WHAT THE EXERCISE ASKS: Repeat every line of the listing below exactly, minus the pictures.

STORED DATA:
-- Opening Marker --

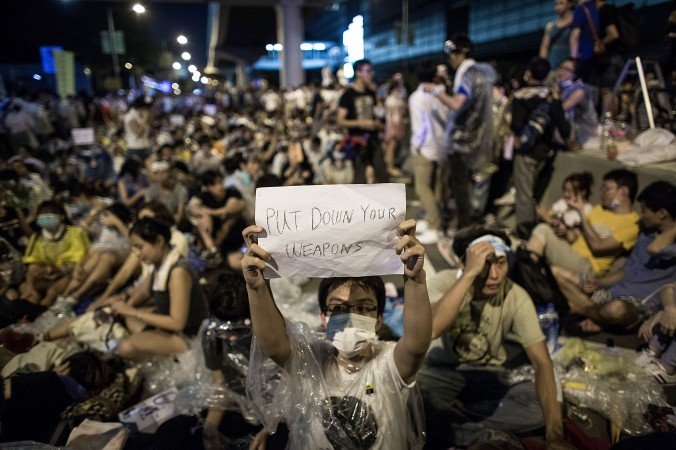 The movement had originally planned to paralyze the central business district on September 24, but organizers brought forward the start of the protest and changed the location in an apparent bid to harness momentum from student protests outside the government complex.
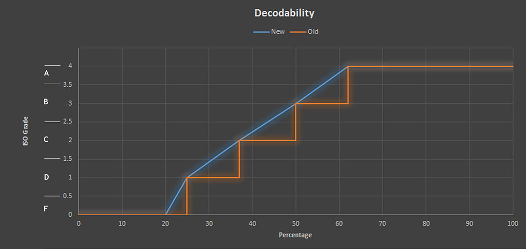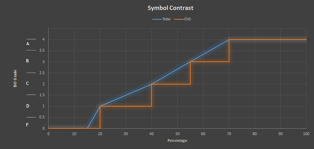 The 2016 version of the standard recognises that a symbol like this should have a better grade than an otherwise similar symbol where the symbol contrast value was consistently, say, 55% to 57%. So now the conversion of percentages to grade values is now done with 41 bands rather than only 5, and this means that barcodes will generally have slightly better grades than they did before. It means that small changes in parameter values at the transition points between grades will not cause such a large change in the grade.
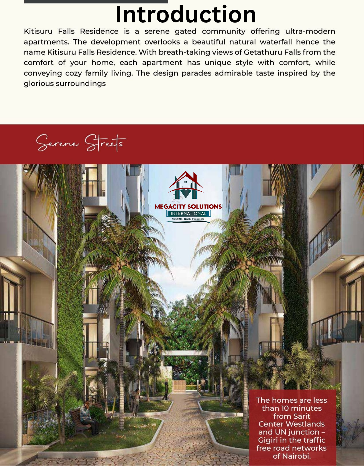 Kitisuru Falls Residence Kitisuru Falls Residence is a serene gated community offering 1, 2 & 3-bedroom ultra-modern apartments. The development overlooks a beautiful natural waterfall hence the name Kitisuru Falls residence. With breathtaking views of the Getathuru Falls from the comfort of your home, each apartment unifies style with comfort while conveying cozy family living. The design parades admirable taste inspired by its glorious surroundings. The development is located in Kibichiku near New Kitusuru and Kitisuru Spring estates along Getathuru Road off Ngecha Road. The homes are less than 10 minutes from Sarit Center Westland and UN junction – Gigiri in the traffic-free road networks of Nairobi. In the neighbourhood we have: UNEP headquarters and US Embassy Sarit Centre Wetlands Nairobi Village Market Shopping mall Two Rivers Shopping Mall International School of Kenya School of all nations Kirawa Primary School Jalyn Kindergarten & Day care Muthaiga Golf Club Tribe Hotel, Village Market Among others facilities and institutions

-- Closing Marker --

ANSWER SECTION:
 The movement had originally planned to paralyze the central business district on September 24, but organizers brought forward the start of the protest and changed the location in an apparent bid to harness momentum from student protests outside the government complex.
 The 2016 version of the standard recognises that a symbol like this should have a better grade than an otherwise similar symbol where the symbol contrast value was consistently, say, 55% to 57%. So now the conversion of percentages to grade values is now done with 41 bands rather than only 5, and this means that barcodes will generally have slightly better grades than they did before. It means that small changes in parameter values at the transition points between grades will not cause such a large change in the grade.
 Kitisuru Falls Residence Kitisuru Falls Residence is a serene gated community offering 1, 2 & 3-bedroom ultra-modern apartments. The development overlooks a beautiful natural waterfall hence the name Kitisuru Falls residence. With breathtaking views of the Getathuru Falls from the comfort of your home, each apartment unifies style with comfort while conveying cozy family living. The design parades admirable taste inspired by its glorious surroundings. The development is located in Kibichiku near New Kitusuru and Kitisuru Spring estates along Getathuru Road off Ngecha Road. The homes are less than 10 minutes from Sarit Center Westland and UN junction – Gigiri in the traffic-free road networks of Nairobi. In the neighbourhood we have: UNEP headquarters and US Embassy Sarit Centre Wetlands Nairobi Village Market Shopping mall Two Rivers Shopping Mall International School of Kenya School of all nations Kirawa Primary School Jalyn Kindergarten & Day care Muthaiga Golf Club Tribe Hotel, Village Market Among others facilities and institutions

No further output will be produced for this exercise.